07.07.2017, 08:16 Uhr

Silo-Diskussion läuft in Gallneukirchen weiter

In der Gusenstadt hadern viele mit dem Engerwitzdorfer "Erbe".

GALLNEUKIRCHEN (fog). Während der Spatenstich für das Riepl-Mega-Projekt bereits für 12. Juli anberaumt ist, zeichnet sich immer stärker ab, dass nach der abgeschlossenen Absiedelung des Lagerhauses nach Engerwitzdorf der Getreidesilo bei der Stadteinfahrt Gallneukirchen erhalten bleibt. Obwohl: Der Gallneukirchner Stadtrat (4 ÖVP, 2 SPÖ und 1 Grüner) hat kürzlich mehrheitlich beschlossen, bei einer Enthaltung der ÖVP, dass der Silo abgerissen werden soll.

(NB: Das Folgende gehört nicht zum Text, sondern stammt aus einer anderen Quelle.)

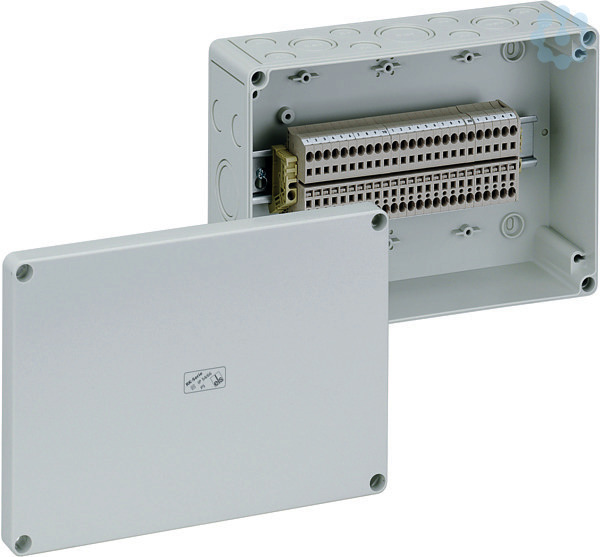 Reihenklemmengehäuse, mit Schutzart IP54/IP66, Nennquerschnitt 4mm², Ui=400V AC, Polystyrol, innenliegende Befestigungsstellen, für Standardinstallationen im Innenbereich, bestückt mit 25 schraubenlosen Klemmen 4mm³ (Typ Weidmüller ZDU 4)

Aber der Silo steht auf Engerwitzdorfer Gemeindegebiet. "Wir können den Abriss nicht beauftragen, weil der Silo nicht baufällig ist", sagt Vizebürgermeister Helmut Hattmannsdorfer (ÖVP). Wahrscheinlicher ist, dass der Klotz in den neuen Eurospar integriert wird. Hohe Abtragungskosten und zeitlich unbefristete Verträge mit Mobilfunkanbietern sind als Gründe angegeben worden. Kurt Winter kritisiert in der aktuellen SPÖ-Zeitung: "Wenn einmal ein neuer Einkaufsmarkt gebaut wird, dann ist die Chance für Jahre, wenn nicht Jahrzehnte vertan, diesen Silo abzutragen", schreibt er. Auch der Grüne Obmann Andreas Kaindlstorfer spricht von "Ortsbildverschandelung". Da sei ihm ein ein kreativer Wettbewerb noch lieber, als den Getreidesilo einfach weiß anzumalen.